4. Materials and Methods

4.1. Plant Materials

In China, H. serrata is primarily growing in the Yangtze River basin and southern China, with sporadic occurrences in the northeastern areas [29]. To identify the level of HupA, H. serrata samples were collected from moist forests and rock crevices at elevations ranging from 300 m to 2700 m. These samples were sourced from various locations, including Huaihua City in Hunan Province, Chihe City in the Guangxi Zhuang Autonomous Region, Bozhou City in Anhui Province, Kunming City in Yunnan Province, Enshi City in Hubei Province, and Jilin City in Jilin Province.

4.2. Fingerprint Analysis

The H. serrata samples collected from the six aforementioned regions in China were cleaned and dried at 35 °C to preserve thermolabile bioactive compounds. The 250 g samples were then finely ground into powder and dissolved in ethanol to extract the bioactive ingredients [30]. Over the 40-day extraction period, intermittent agitation was performed, and samples were taken every 10 days to analyze the components. After thorough filtration, the filtrate and the occluded solution in the solid residue were combined and concentrated under reduced pressure to obtain a crude extract for subsequent HPLC analysis.

4.3. Isolation of Endophytic Fungi

Endophytic fungi are typically isolated from plant tissues following rigorous surface disinfection, and their endophytic nature is confirmed by directly amplifying DNA from the tissues. In this study, endophytic fungi were isolated from the healthy leaves of H. serrata using a previously established method [9,20,31]. Briefly, fresh H. serrata leaves were first cleaned with tap water and then sterilized in 75% ethanol for 3 min.
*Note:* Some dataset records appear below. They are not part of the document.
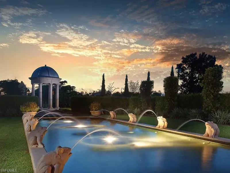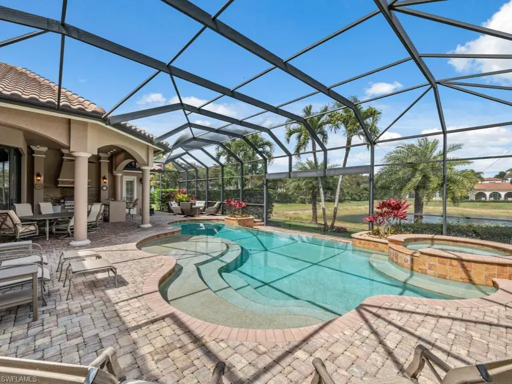 Located in the prestigious golf and country club community of Mediterra in Naples, Florida – Newly renovated private beach club – Nestled on a premium corner lot, this exquisite residence built by Bordeaux Homes boasts a grand circular paver driveway leading to an elegant, inspired facade. Step through the ornate double doors into a breathtaking foyer entry, where coffered tray and cathedral ceilings, arched passages, and generous windows create an impressive ambiance. The formal living room features a custom fireplace, exquisite millwork, and panoramic views of the outdoor oasis, while the formal dining room is perfect for elegant gatherings. A custom wet bar with a built-in wine rack enhances the home’s entertaining potential, complemented by a breakfast nook with serene outdoor views. The premium chef’s kitchen is a culinary masterpiece with top-of-the-line appliances, a large center island, stone countertops, a decorative range hood, and abundant storage. Adjacent to the kitchen, the spacious family room seamlessly integrates indoor-outdoor living with floor-to-ceiling glass sliding doors leading to the lanai. A private den/office offers a peaceful workspace with rich wood flooring. The expansive primary suite is a luxurious retreat featuring a sitting area, private outdoor access, a custom walk-in closet, and a spa-like en-suite bath with a separate jetted tub and shower, dual vanities, and elegant finishes. Three well-appointed guest bedrooms provide comfort and privacy, with generous closet space and stylish bathrooms. The resort-style lanai is an entertainer’s dream, boasting a fully equipped summer kitchen, covered dining area, and ample lounge space. A lagoon-style pool and spa create a serene retreat while enjoying breathtaking lake views. Additional features include a three-car garage and impact doors & windows. Mediterra is a prestigious luxury golf & country club community featuring Two championship Tom-Fazio golf courses for avid golfers, multiple tennis courts, pickle-ball & bocce, fitness center, pristine bike & jogging trails, and luxurious dining at the private country club restaurant. The Mediterra Beach Club offers an escape to a 10,000 sq. ft two-story private oceanfront paradise on the Gulf of Mexico. Featuring a restaurant & bar that serves members via indoor & outdoor dining, this private facility boasts a heated swimming pool, a sundeck, and cabana beach service for chairs, umbrellas & refreshments.
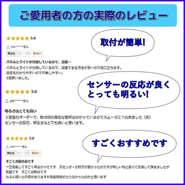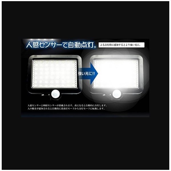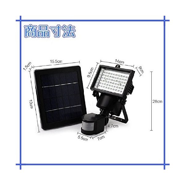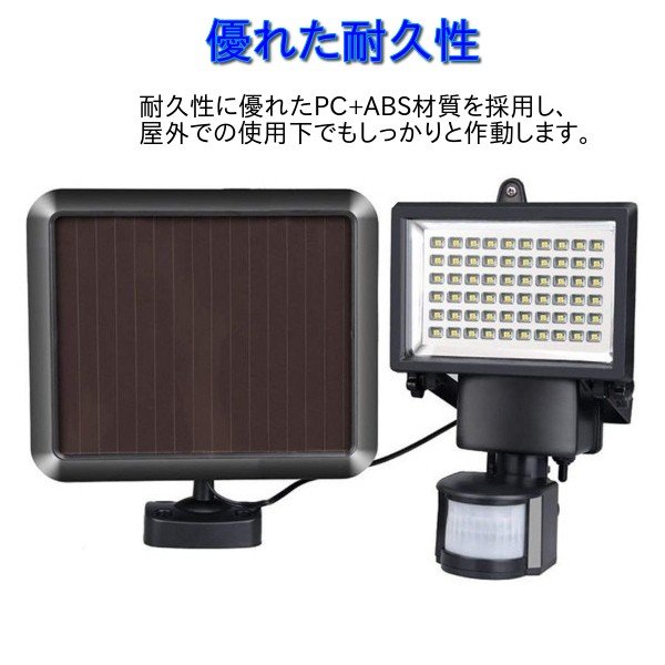 ・明るいLEDライトを60個搭載しており、周囲一帯を自動点灯で明るく照らしてくれます。特に暗い場所や防犯対策で気を付けたい場所への設置がおススメです。
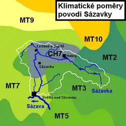 Povodí Sázavky se nachází ve čtyřech klimatických oblastech (dle Quitta, 1971).
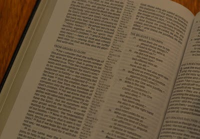 It fulfils all requirements I was looking for in that last post and looks good. The only thing I don’t like so much about it is the “easy to read type”, which is, to me, an ugly modern font that is rather stumpy, so that the difference between letters like an h and and n is very minimal (if you click the picture it will get bigger). Call me a fogey but I like my bibles with a more classic font, and I remain to be convinced this is easier to read.
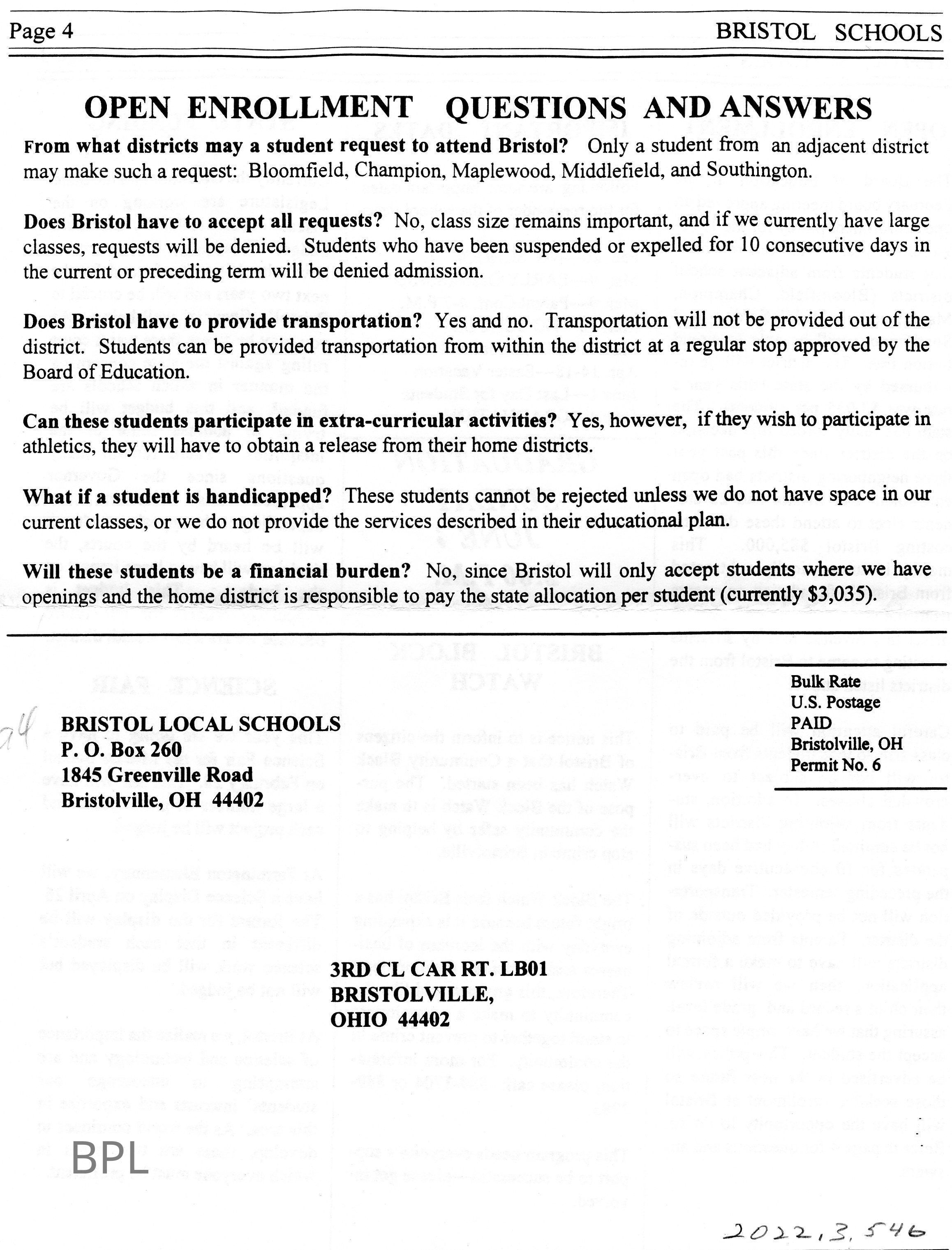 Mailer, Bristol School 1994Entry/Object ID

The leaves were subsequently rinsed three times with sterile distilled water and dried on sterile filter paper. The leaves were then cut into small pieces using a sterile scalpel and inoculated onto PDA plates containing antibiotics to thwart bacterial growth. A PDA plate without any inoculum served as the control. The plates were incubated at 28 °C to observe the emergence and growth of endophytic fungi from the leaf fragments. Pure fungal isolates were obtained by repeatedly transferring and incubating individual hyphal tips onto fresh PDA medium [20]. Next, single-spore isolation was conducted. The final pure cultures were numbered and transferred to PDA slant tubes for storage at 4 °C. Alternatively, spores and mycelia could also be preserved in 15% glycerol at −20 °C. The majority of the isolated endophytic fungi were deposited at Beijing University of Chemical Technology.

4.4. Identification of Endophytic Fungi

To investigate the diversity of endophytic fungi in H. serrata samples from Hunan and Hubei provinces, a combination of conventional culture methods and high-throughput sequencing was employed. The identification of endophytic fungi was based on the morphology of conidia and colonies, as well as unique phenotypic characteristics [20]. Additionally, the ITS region of the endophytic fungi was amplified via PCR. Genomic DNA was extracted using the Quick-gDNA™ Mini Prep kit from Zymo Research (Irvine, CA, USA). The ITS region was then amplified and sequenced by Beijing Ruibo Xingke Biotechnology Co., Ltd. (Beijing, China), using the universal primers ITS1 (5′-TCCGTAGGTGAACCTGCGG-3′) and ITS4 (5′-TCCTCCGCTTATTGATATGC-3′) [20]. The resulting ITS sequences were subjected to BLAST searches against the GenBank database to identify homologous sequences for genus- or species-level classification. Phylogenetic analysis was performed using MEGA version 7.0 [32], and the phylogenetic tree was constructed using the neighbor-joining method and visualized with the iTOL program.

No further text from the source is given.